No
me gusta hablar de la actualidad de los equipos a los que entreno.
Hacerlo sin violar el “pacto del vestuario”, que diría Louis Van
Gaal, es complicado, pues siempre hay un lector que va más allá del
verbo, que deduce de los espacios intersticiales entre una palabra y
la siguiente cuestiones que no son. Que no son, al menos, como a él
le parecen. Ello, a pesar de que la santidad del vestuario es más un
símbolo de otra época. De aquellos equipos que guardaban con celo
numantino su intimidad no quedan más que rescoldos. Instagram,
Twitter, periodistas amigos, no necesariamente en este orden
cronológico, han hecho de la privacidad un bien escaso, impropio de
una época en la que la gente quiere saber más apelando a un no sé
qué democrático.
Sin
embargo, creo que es posible rescatar la moraleja de lo que he
experimentado esta semana, como entrenador de un equipo cadete
masculino de cierto nivel, tercero en este momento de la competición
de Castilla y León.
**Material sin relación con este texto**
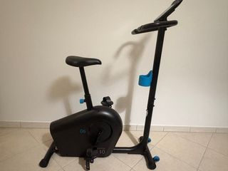 Bicicletta statica acquistata da Decathlon. Ideale per gli allenamenti a casa. - Design compatto. - Regolazione della resistenza. Non include l'adattatore elettrico, da acquistare separatamente.
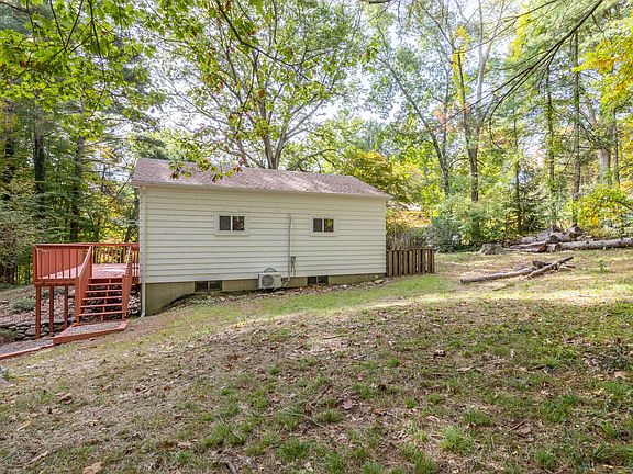 This inviting 2 bedroom, 2 bath ranch is nestled in a private wooded setting offers 962 sq. ft. of comfortable living space. Step inside to find hardwood floors throughout, renovated kitchen and bathrooms, fresh paint, and new flooring in the living and kitchen areas. The large windows fill the home with natural light. Enjoy the peaceful surroundings from the spacious deck, perfect for relaxing or entertaining guests. The home features one standard sized bedroom and one smaller room ideal for a home office or guest space but can certainly be used as a smaller bedroom. The unfinished basement provides ample storage and laundry area. Experience comfort and tranquility in this lovely home just minutes from the heart of Mansfield Center and easy commute to ECSU, UCONN and area amenities.
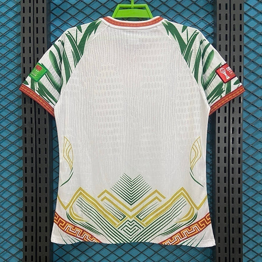 Les maillots sont soigneusement sélectionnés pour refléter l'identité distinctive du Mali, avec les couleurs vert, jaune et rouge caractéristiques et des détails authentiques qui célèbrent les succès et l'héritage du pays. Chaque pièce est un symbole de tradition, de résilience et de passion qui définissent le Mali dans le monde du football.
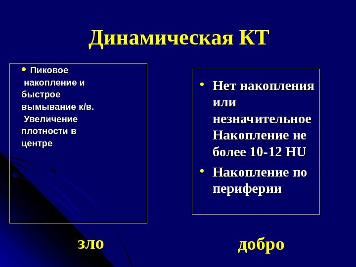 Пиковое накопление и быстрое вымывание к // в. в. Увеличение плотности в центре добро • Нет накопления или незначительное Накопление не более 10 -12 Н UU • Накопление по периферии зло Динамическая КТ
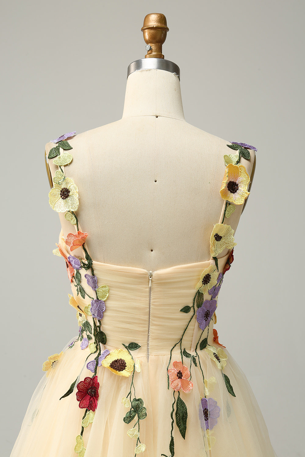 Champagne A Line Spaghetti Straps Short Homecoming Dress with Appliques

Tras seis victorias consecutivas, aprecié en
mis carnes la tendencia del ser humano a acomodarse, a sentirse el
rey del universo por cuestiones tan triviales como esta. Descubrí
también que la edad adolescente encarna la esencia del ser humano,
al ser en ella cuando, por norma general, se exageran todos los
rasgos de nuestra condición. A los quince años están asentadas
muchas de las características de la persona, pero no, en cambio, los
filtros propios de la diplomacia, la cortesía y, por qué no
decirlo, la hipocresía.
Nos
acomodamos en la victoria. Nos creímos los mejores y dejamos de
escuchar, de exigirnos a nivel individual y colectivo. Nos
contentamos con saltar a la pista de entrenamiento y estar
físicamente, sin la concentración necesaria para darle a cada
acción la importancia que tiene como adelanto de la que habrá de
venir en una situación de presión, con los dígitos rojos del
marcador poniendo en evidencia la realidad de los tiros que no
entraron, las finalizaciones que se erraron, los unos contra uno que
no se defendieron o los rebotes que se nos escaparon.
Levantarse
a las cinco y media, jugar cuarenta minutos contra zona, dudar de la
anotación de las faltas de su mejor jugador (más aún tras saber
que una de las mesas es esposa del presidente del club rival) y
algunas otras circunstancias que dificultaron el trabajo durante la
semana no son excusa. John Wooden se lo había leído a Benjamin
Franklin, failing to prepare is preparing to fail. Y eso fue
lo que hicimos, prepararnos para fracasar. Nunca había ido a un
partido con la sensación anticipatoria que llevaba experimentando
desde hace días, consciente de que la mentalidad no era la indicada
para ganar y, aunque estuvimos cerca de llevarnos el triunfo, la
sensación permaneció. Puede que ganar, como me dijo un compañero
entrenador, hubiera sido nocivo: un mal mensaje para el futuro.
Ahora
toca levantarse. Hacer la lectura correcta. Motivar hacia el trabajo
como fuente, en sí misma, de satisfacción. Solo los equipos que
salen jodidos y felices de una sesión pueden salir igualmente
satisfechos de un partido, diga lo que diga el marcador.